As readers of this blog know, the freedom of religious organizations to take religious considerations into account in their personnel decisions is under attack. Certain federal statutes forbid participants in federally funded programs from "discriminating" on the basis of religion, even in their employment decisions. One objective of President Bush's faith-based initiative was to exempt religious organizations from these requirements. Legislation designed to accomplish that purpose never garnered the 60 votes necessary to get out of the Senate. As a result, these federal statutory provisions remain.

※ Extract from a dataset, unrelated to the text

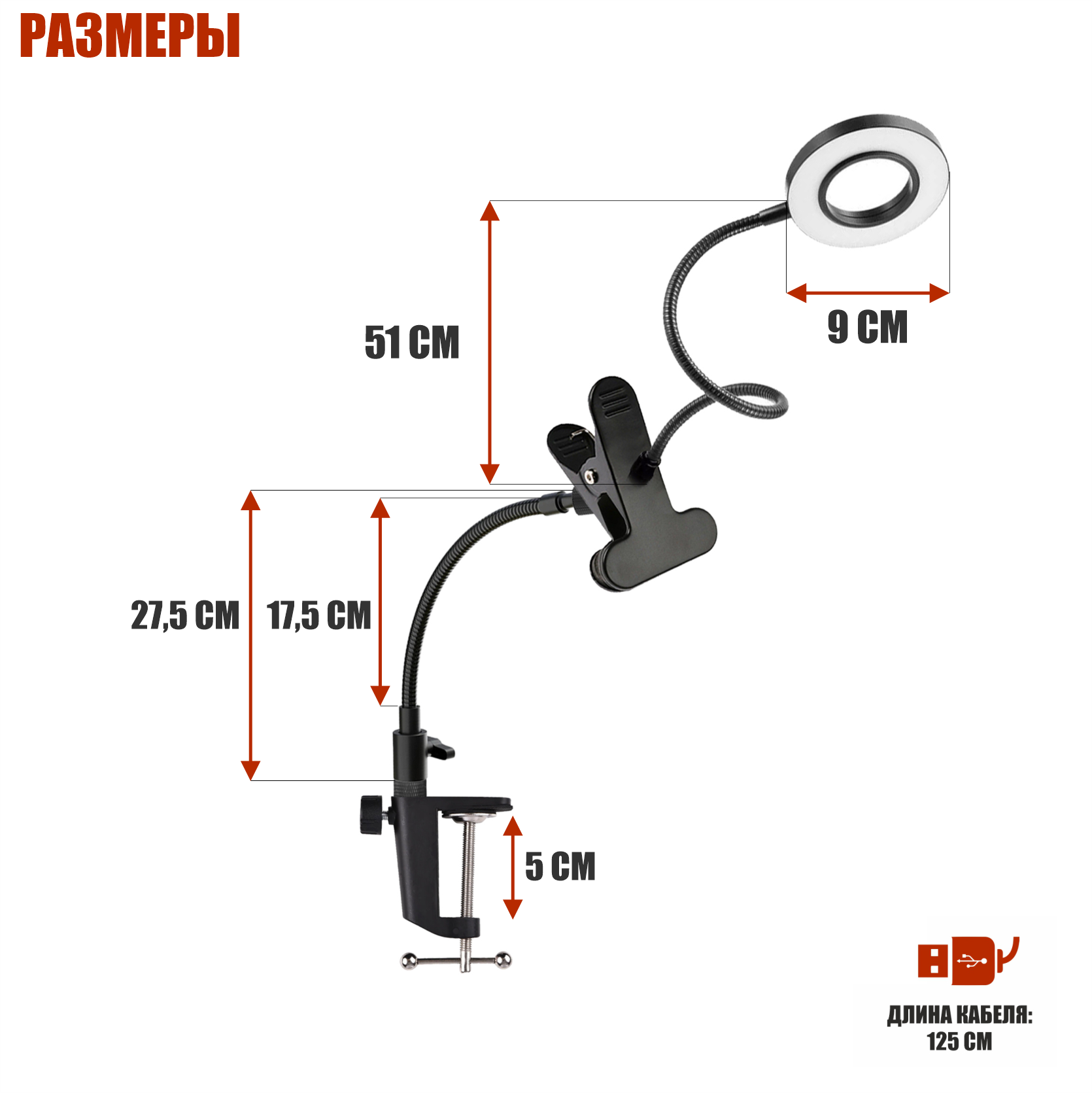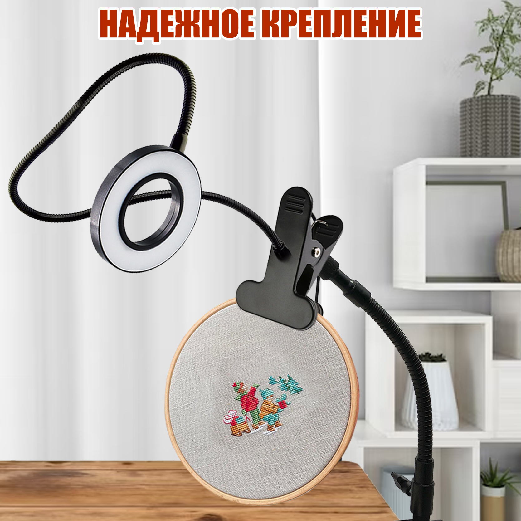 Настольный гибкий держатель USG-RL9BD для пялец, станок для вышивания c лампой 9 см на усиленной струбцине интересное:

Of course, the continued existence of these provisions isn't the end of the story. In our view -- and in the view of some courts -- government violates the Constitution when it forbids religious organizations from taking religion into account in personnel decisions. The Constitution isn't the only limit on federal power over religious associational freedom; the Religious Freedom Restoration Act (RFRA) also restrains this power. In essence, RFRA declares that the federal government may not substantially burden religious exercise unless the burden is the least restrictive means of achieving a compelling governmental interest.

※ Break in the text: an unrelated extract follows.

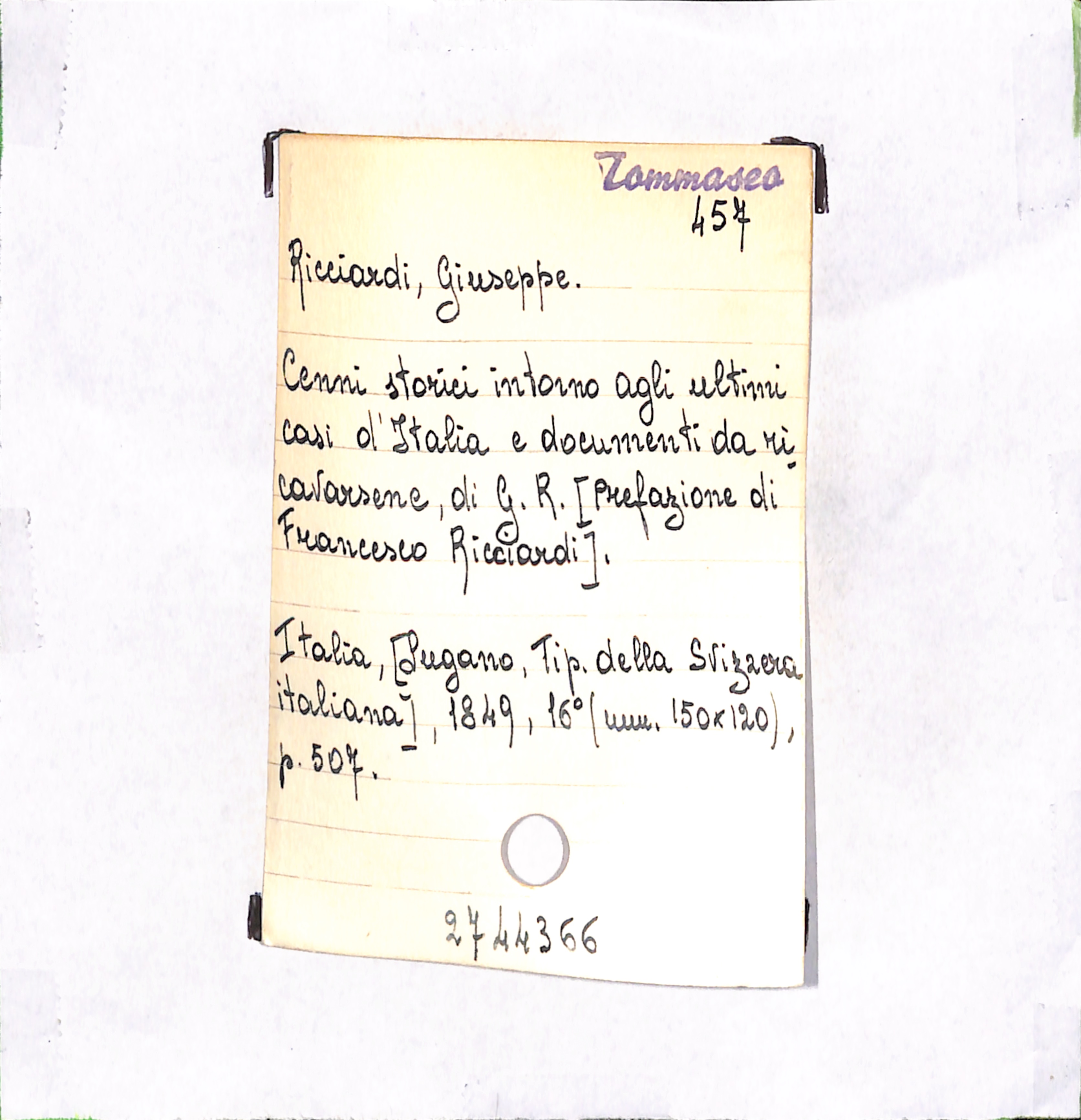 U.D. monografia Cenni storici intorno agli ultimi casi d'Italia e documenti da ricavarsene, di G. R.

The question arises, then, whether federal statutes that condition receipt of federal money upon compliance with a religion non-discrimination rule violate RFRA (when applied to religious organizations). Professor Carl Esbeck of the University of Missouri has a forthcoming essay addressing this question. It is entitled, "The Application of RFRA to Override Employment Nondiscrimination Clauses Embedded in Federal Social Service Programs." An abstract of the article is on SSRN, and the paper can be downloaded from that site.